E depois, é a atitude desarmante… Feist dá muito de si, atua a um metro do público e responde a perguntas, ri-se connosco, passeia no meio de nós cantando uma música à capela, a certa altura dança com alguém, tudo aquilo é muito cru. Ninguém se intromete inconvenientemente porque estamos todos a disfrutar.
Ao fim de uma hora de concerto, sobe ao palco principal e eis que há uma banda. Há teclados e moduladores, baterias e um violino. O som fica mais cheio mas o que se perde em intimidade ganha-se em energia. De repente lembro-me que ela foi dos Broken Social Scene antes de se ter iniciado a solo na viragem do século.
Realce para ”In Lightning”, provavelmente a melhor faixa do novo álbum, onde ela canta em multipistas gravando live com os teclados vintage e uma bateria a acompanhar. Belo tema este e bastante diferente da versão em disco.

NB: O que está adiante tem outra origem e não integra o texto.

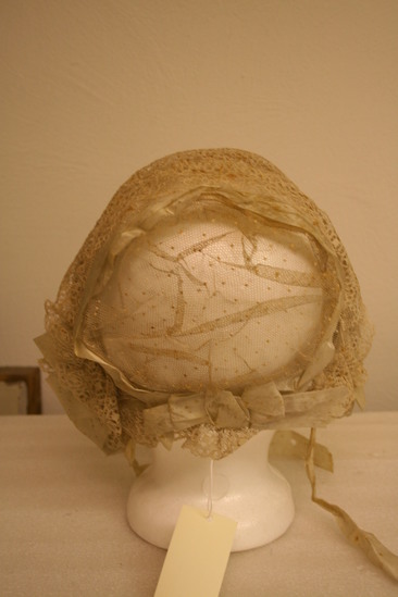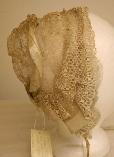 Bonnet shaped hat made of white netting with two strips of white lace around trim; white satin ribbon around top with bow at base; white satin ribbon near front on right side and whtie satin ties; white netting ruffled brim on both sides

Diz então que alguém lhe passou uma nota hoje pra ela tocar uma música, ela faz a vontade e diz que passar notas é giro e analógico. A música é “Let it die”, a linda canção que deu nome ao seu segundo álbum.
Duas horas depois acaba o concerto.
Percebemos então que o jovem “do público” a quem entregou o telemóvel e que passou a noite a mostrar imagens no grande ecrã, faz parte da produção. Desculpamos-lhe o teatrinho e agradecemos a confissão.
Volta um pouco mais tarde para dois temas de encore. Novamente só com a guitarra comove-nos com o seu jeito de cantar. Envelheceu bem a moça.